On Transparency and Opacity

Every day, people face decisions, large and small. These decisions fall along a spectrum of transparency. Transparency consists of safety and accountability, while opacity is composed of liberty, privacy, and power. If transparency increases, then opacity decreases, and vice versa. Trusting someone allows them to remain opaque, while distrusting someone requires that they become more transparent. The ideas of transparency and opacity can explain seemingly unrelated topics such as Secret Service, sexual harassment, farts, and science.
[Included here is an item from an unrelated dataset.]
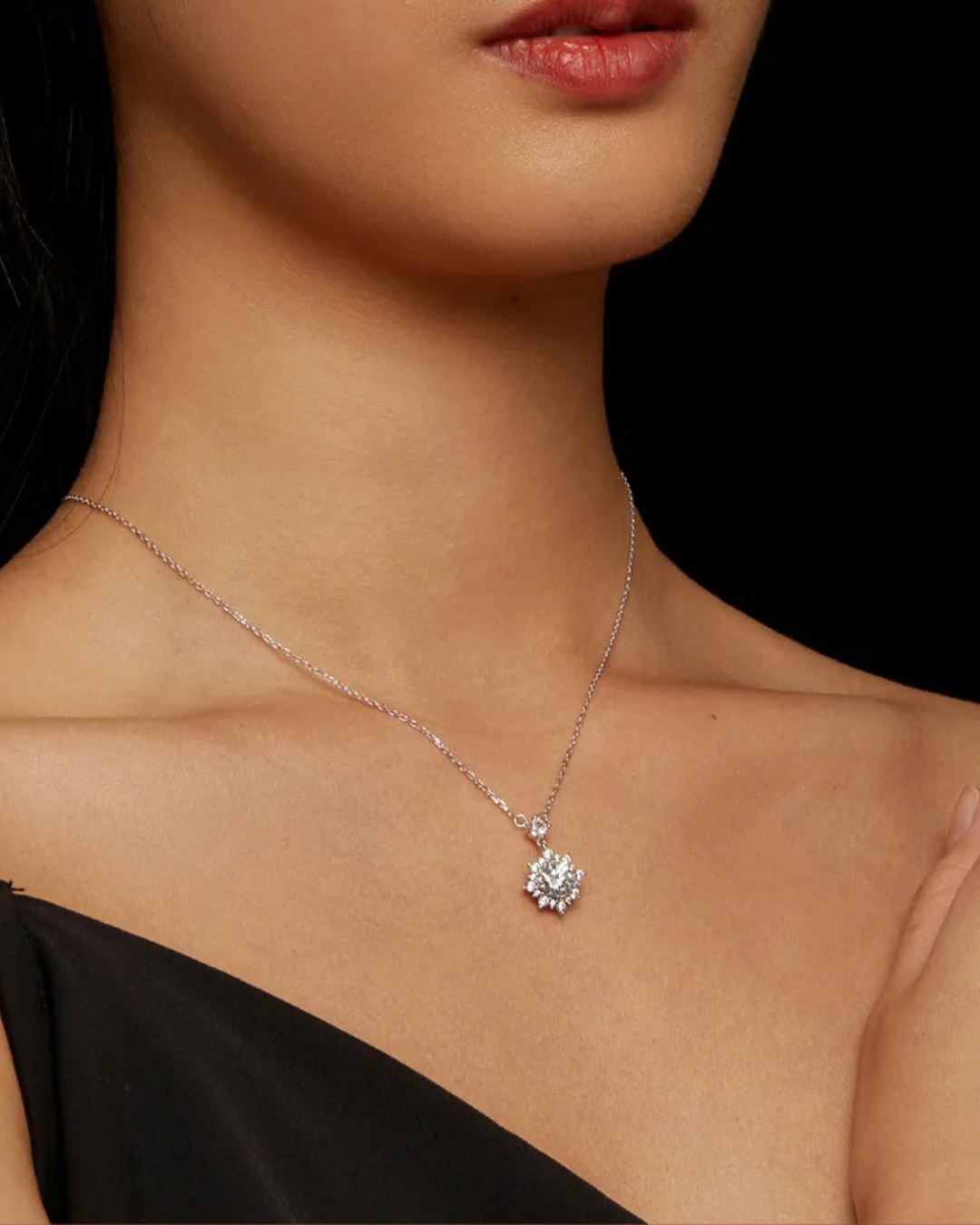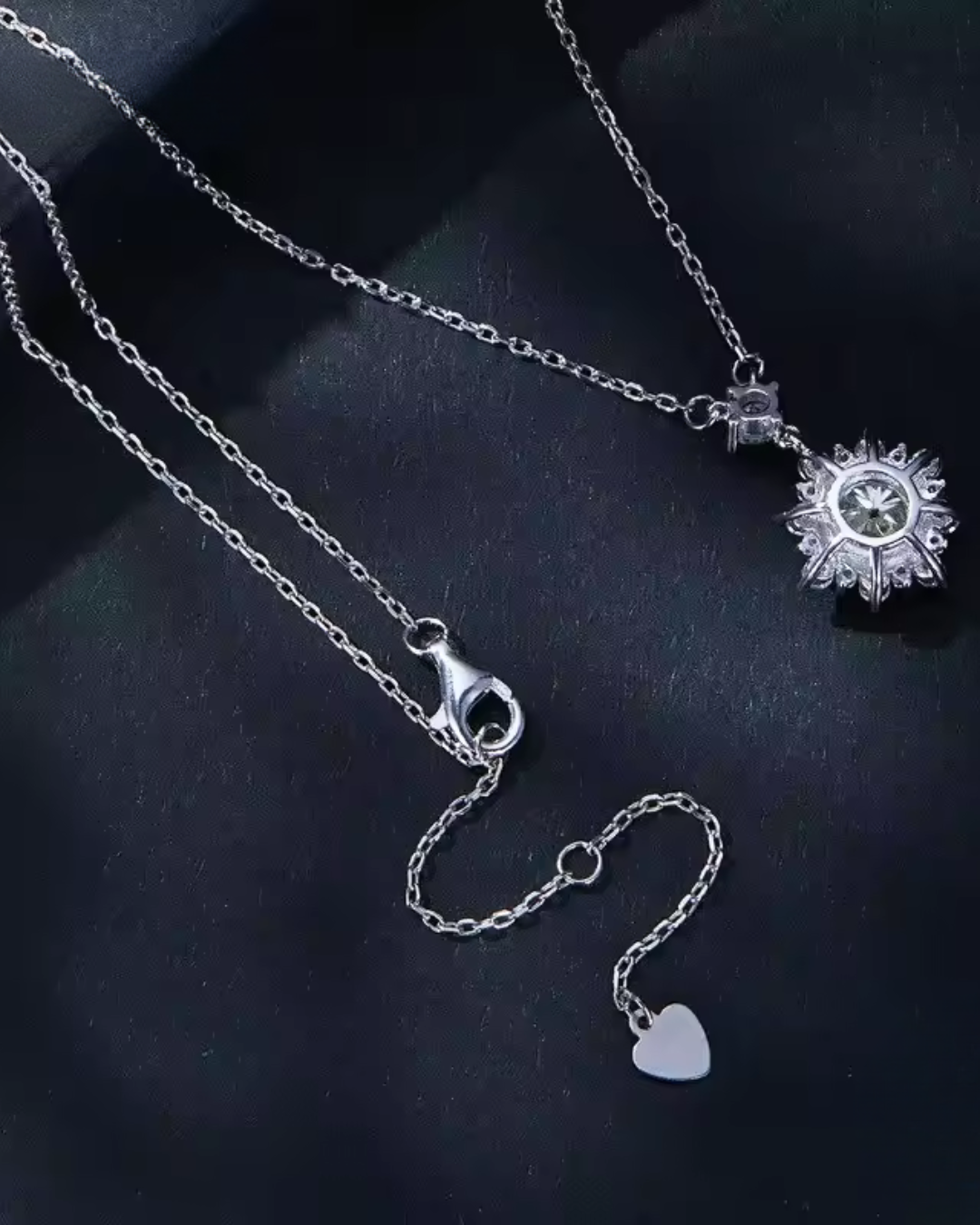 Dazzle with the magic of eternal sparkle. This exquisite necklace, inspired by the purity of a snowflake, combines the elegance of 925 sterling silver plated in platinum with the unmatched brilliance of a 1.0ct central moissanite, surrounded by a delicate pavé setting of cubic zirconia that enhances every glimmer.

            The Secret Service protects the President of the United States. They are armed and would take a bullet for the President. The President is physically safe, and the Secret Service is accountable for preventing anyone from harming the President, so transparency has increased. Opacity has decreased, because to protect the President, the Secret Service must know where the President is constantly, so the President has little privacy. The Secret Service doesn’t allow the President to leave the White House without permission, so the President has little liberty to move. The President’s personal power to travel has decreased. If the Secret Service trusted everyone, then the President and the public could be more opaque, but less safe and accountable.
            In sexual harassment, one person makes unwanted sexual behavior to another person. Before the recent wave of accusations, harassment occurred because the commenter imagines that people will not know that the comments have been made. Recently, the targets of harassment have described these experiences publicly. In the process, they are holding the commenters accountable for their behavior, and increasing safety, since future commenters will now know that they will be held accountable. The opacity of the commenters decreased, as they are no longer at liberty to make those comments. Their privacy has decreased, as people have described their behavior, and so their power has decreased. The lack of trust between women and men increases transparency, since opaque situations are avoided.
            On a lighter note, let’s consider farting. If someone farts silently, then they maintain privacy about the fact that they have farted. No one else knows who farted, so the farter cannot be held accountable. The world is less safe from farts. If someone farts audibly, then that person can be held accountable, and the world is safer from farts. The farter doesn’t have the liberty to fart, they couldn’t maintain privacy about the fact that they farted, and they no longer have the power to fart.
            Science is the process of studying a phenomenon. To study a phenomenon, it must be observed, or data gathered. In other words, the phenomenon’s privacy must decrease. Then the phenomenon has less liberty and power, as we know how it behaves, and its effects can be decreased or increased. For example, now that smoking is known to cause lung cancer, we can increase or decrease its occurrence by changing the number of people smoking. If I trust that a variable isn’t affecting the phenomenon of interest, then I do not investigate it, and it remains unresearched and opaque.
            Virtue is behaving transparently even when opaque. The virtuous person has nothing to hide, and behaves transparently even when he or she has opacity.
            Generally, when either transparency or opacity increases, the other decreases. However, if a person does not do anything embarrassing, even fart, then they can have safety, accountability, liberty, privacy, and power. By itself, power is not always zero-sum. Someone’s ability to do something does not always decrease another person’s ability to do the same thing. However, transparency and opacity are always inversely related. Opacity is not necessarily unethical, but only opaque people can be unethical without consequence.